Indeed, there is something curiously barren about the whole war in Afrin. A YPG official — as much military as political — agreed with me when I said that if the Turkish president really threw his entire army, along with their largely mythical “Syrian” FSA militia, into the province of Afrin, they would have got into the city in half an hour. Always supposing they have enough officers still not arrested for anti-Erdogan subversion. We Westerners, of course, like to see the YPG and its associated chums in neighbouring bits of which should have been Kurdistan — if the Americans had not ratted out of their League of Nations commitments after the First World War — as heroic and turbaned warriors.
I was thus a little shaken in one small village to see a pick-up load of black-uniformed gentlemen, all holding automatic weapons and with black bandanas around their faces — the words “no photos” were uttered immediately — driving at speed towards the Kurdish-Turkish front line. It wasn’t as if they didn’t have the right to fight Turkish aggression. They just weren’t the kind of chaps you are used to seeing in friendly television reports. So, too, the “wallpaper”, if that is how we must call the graffiti of war.
For the very moment you cross from the Syrian army’s last checkpoint — red, white and black flags and a poster of Bashar al-Assad, his brother Maher, Hezbollah leader Hassan Nasrallah and prominent army colonel “Tiger” Suheil, you find yourself amid blue-and-white-coloured concrete ramps, the “star” banner of “Kurdistan” (which, like “Palestine”, does not exist) and a gigantic picture of Abdullah Ocalan, the PKK (Kurdish Workers Party) leader for whom the YPG has absolutely no connection whatsoever. Or so they tell you.
The YPG, squeaky clean in all things PKK-ish, will tell you that they admire some of Ocalan’s views — even quite a lot of his opinions, and one cannot but fall for the non-sectarian, secular “ethos” of the guy —but are not part of the PKK. It’s a bit like hearing that Nigel Farage didn’t really mislead the UK about Brexit or that membership of the Nazi party didn’t imply that party members loved the Führer. In the Afrin hospital, the coloured portrait of Abdullah Ocalan is so massive (moustache a bit overdone, I thought) — and so high — above the reception desk, that you could get a severely strained neck if you spent too much time looking at it.
And there is the point. Listen long enough to the ramblings of Mr Erdogan — I keep having to tell the Kurds to pronounce the “g” of Erdogan correctly as a “w” — and you might start believing that the YPG really is a “terrorist” group threatening the sovereignty of Turkey. Who funds this little Ruritania, after all, not to mention the hospitals? (The locals, I am told, in taxes, and private payments if they are patients). So while the Kurds try to persuade you of their potential loyalty (still) to Syria and disclaim any connection to the rest of Kurdish Syria (east of Qamishli) and the Iraqi Kurds — clearly a lie — they have to proclaim their belief (quite correctly) in their own form of self-government.
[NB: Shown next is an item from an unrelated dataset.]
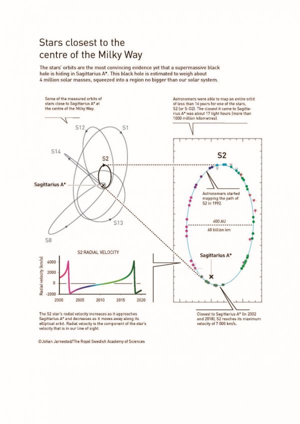 两个小组得到了非常一致的结果,确定了Sgr A*中心具有集中的质量4百万太阳质量,被认为是超大质量黑洞。因此S2与星系中心的距离17光年是黑洞施瓦西半径的1400倍。近红外和X射线耀斑在同一个位置被观测到,被认为来自被黑洞吸积的物质。

But there is a smell of “control” about this place — a point to which I shall return — and a feeling that all is not as it seems. The Kurds here — not publicly, of course — maintain their good contacts with the Russians, including those smartly dressed Russian military policemen with their red, white and blue shoulder flashes who pop into Afrin for their daily visits. The Russians, needless to say, are quite right to keep an eye on events in Afrin, just in case Erdogan goes a bit too far. Or in case the Kurds do the same.